When your child has a tantrum, it’s a stressful moment for everyone involved. When the tantrum happens in public, it can be a nightmare for a parent. How can you handle this sudden uncontrolled outburst quickly and effectively? By keeping your head, and following a few simple steps.
- Assess the situation so that you can make a plan. The first thing to do is determine the cause of the meltdown. Is it a battle of wills over a toy or treat? Does your child have trouble with transitions? Decide how you’re going to handle the current crisis, but make a mental note of factors that might help you prevent being in this situation in the future.
- Plan to prevent tantrums from happening in the first place. Keeping children on a regular schedule for sleeping and eating, easing transitions by giving advance notice and creating little rituals, and avoiding situations where tantrums are likely can help stop them before they begin.
- Don’t try to make it a teachable moment . When a tantrum does occur, it’s not the time to try and teach a lesson. Once everyone is calm, cool, and collected, you can have a conversation about better ways to handle frustration.
- If it happens in public, take it somewhere else.

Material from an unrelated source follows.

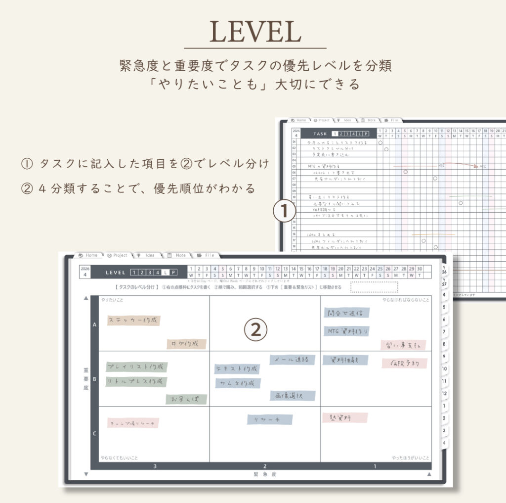 ・タスクを「重要度×優先度」で整理できるレベルシート
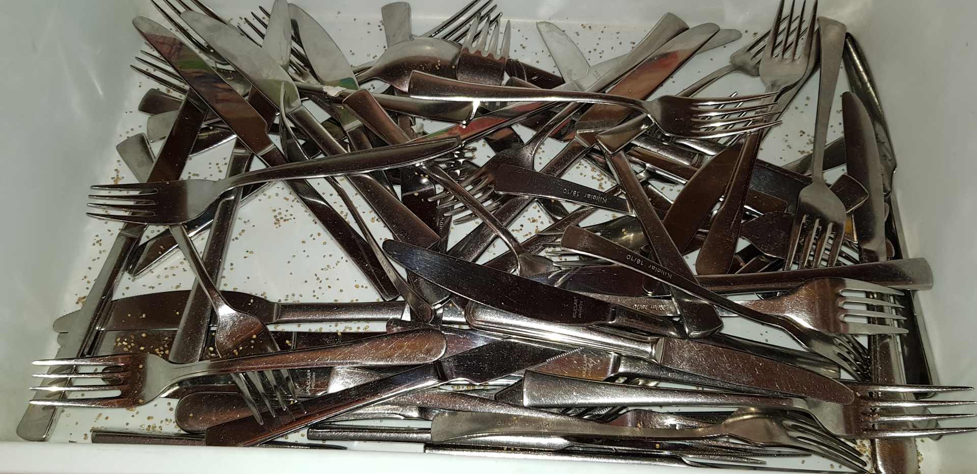 Besteck musste meist selber aus dieser SAUBEREN Kiste genommen werden. Keine Löffel !

One of the best ways to stop a tantrum in its tracks is to be prepared to abruptly change course yourself. You’re strolling through the store, and your child melts down? Scoop up your little one and walk out of the store. You’re in the middle of a meal at a restaurant and suddenly your kid is making a scene? A quick trip to the restroom may be in order. Sometimes, just removing the child from the situation is enough of a surprise to stop the tantrum. If not, be prepared to stand outside, wait in the car, or stay in the restroom until the situation is under control.
- Don’t negotiate with terrorists- or toddlers in a tantrum . It is imperative that you do not give in to a toddler who is throwing a tantrum. If you do, the message you send will be that meltdowns are effective, and a great way to “win”. Instead, ignore the child if possible, or speak so quietly that he or she has to stop making noise in order to hear you.
- Keep calm and carry on. Think about this: a toddler in meltdown mode is out of control, and that can be a scary feeling. If you can remain calm, you’re not only modeling good behavior, but also letting your child know that you’re in control.